Deal on Anglo promissory notes needed before bailout exit - Enda Kenny

Friday 11 January 2013 11.43
Enda Kenny was speaking at a news conference with José Manuel Barroso
Enda Kenny was speaking at a news conference with José Manuel Barroso

Taoiseach Enda Kenny has said that Ireland needs a deal on Anglo Irish Bank promissory notes in order to exit the EU-IMF bailout.

Mr Kenny also said Ireland needs clarity on how the European Stability Mechanism can alleviate Ireland's bank debt.

Speaking at a news conference alongside European Commission President José Manuel Barroso, the Taoiseach said no other country had been burdened with similar levels of bank debt.

He said that fact had been recognised by the German Chancellor and the French Fresident.

"For Ireland to exit its programme successfully we do need a conclusion to the negotiations on the promissory notes on the one hand and the conclusion, eventually, on the discussions on a banking deal arising from the decision of the 29th of June on breaking the link between sovereign and bank debt," Mr
Kenny told a news conference in Dublin Castle.

He was speaking following a bilateral meeting with Mr Barroso, and a plenary session between the Government and the College of EU Commissioners.

Mr Barroso said he had always made the case for solidarity with Ireland and for fairness in the European Union.

However, he declined to say how long it would take before there was clarity on how the ESM might be used to directly recapitalise banks in a way that would benefit Ireland.

Mr Barroso said member states should stick to the letter and spirit of the 29 June summit statement, which pledged to break the link between bank debt and sovereign debt.

That statement was the first official acknowledgement of the need to examine Ireland's aspirations on bank debt.

Since then, however, doubt has been cast on whether or not the ESM might be used to alleviate Ireland's historical bank debt.

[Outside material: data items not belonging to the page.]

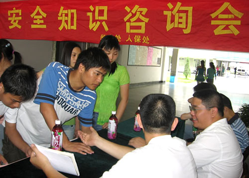 6月8日下午,学生处和人保处联手在学院社区开展了安全知识咨询会。在咨询会现场,学院学生处处长季凌斌、人保处副处长赵清弟以及温州高教园区派出所与交警四大队四中队的民警针对交通安全知识、消防安全知识、户籍管理知识等一些安全问题解答了前来咨询的学生,并提供了温州高教园区派出所的报警电话。同时,校园内还展出了近30张刑事和交通安全案例的宣传海报,并通过VCD播放了消防安全知识和急救知识。这次咨询会的开展,增加了同学们的安全防范知识,提高了同学的的安全意识。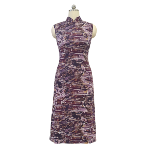 Purple Abstract Lycra Cotton Print Cocktail Cheongsam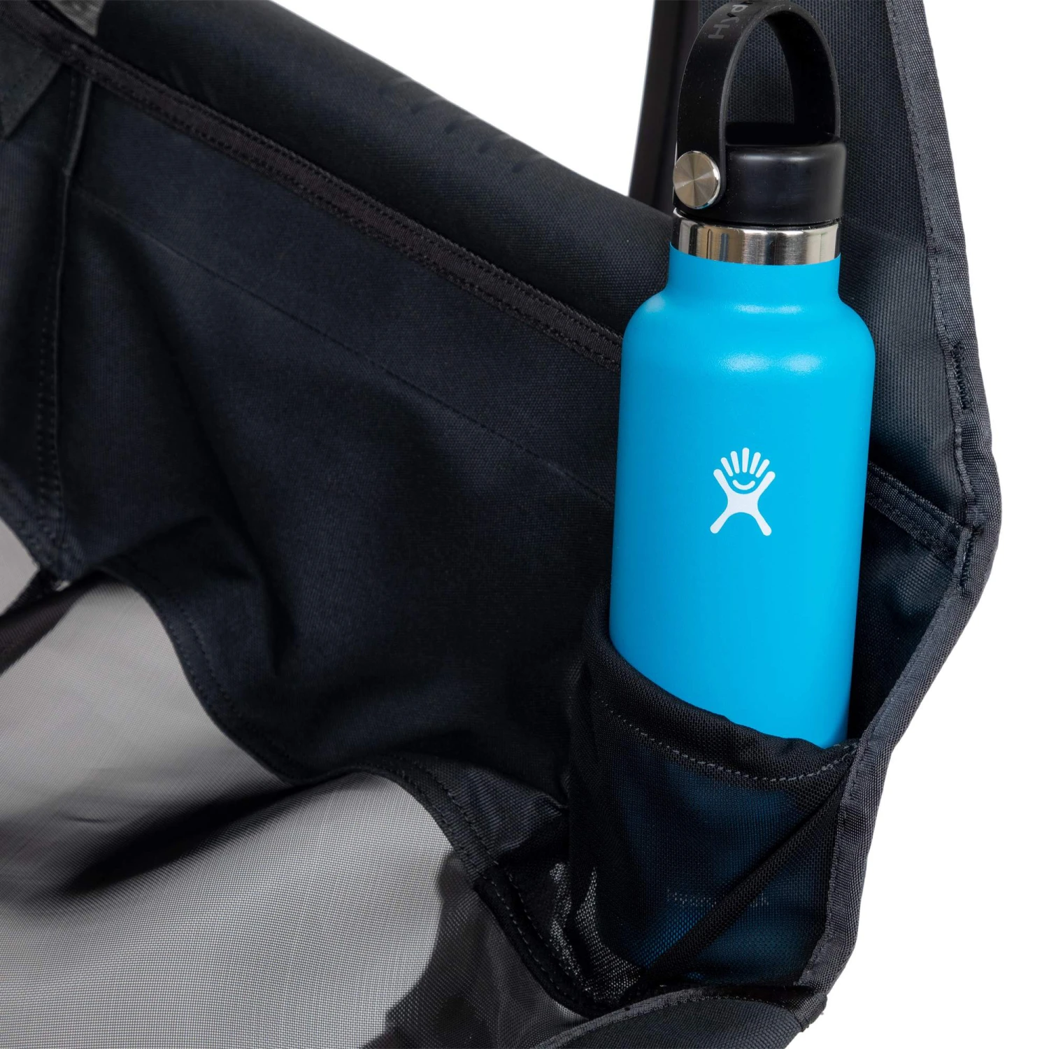 Verpackt in einer gepolsterten Tragetasche, kannst du den Stuhl bequem in einer Duffle oder deinem Tagesrucksack verstauen. Der Aufbau ist kinderleicht. Die Gestänge sind mit einem Gummizug verbunden, wodurch der Aufbau intuitiv gelingt.

Taxpayers should not have to clean up banks - Barroso

Mr Barroso has said that never again should the taxpayers of a country have to pay "to clean up the banks".

He made the comments while launching the European Year of Citizens at Dublin City Hall.

The comments were greeted by a round of applause from the assembled group of 200 people, comprising members of the public, current and former politicians and other interested parties.

Mr Barroso said laws would be put in place at a European level to ensure taxpayers did not have to bear this cost again.

He said it was important that European politicians earned the trust of citizens.

Mr Barroso congratulated the Irish people, who he said had shown remarkable resistance and resolution in the face of austerity.

He said he was aware of the difficult situations facing families in Ireland, adding it was the same for families in his native Portugal.

When asked whether he thought the EU was doing enough to tackle the economic crisis, Mr Barroso said "Europe has done a lot but we need to do more".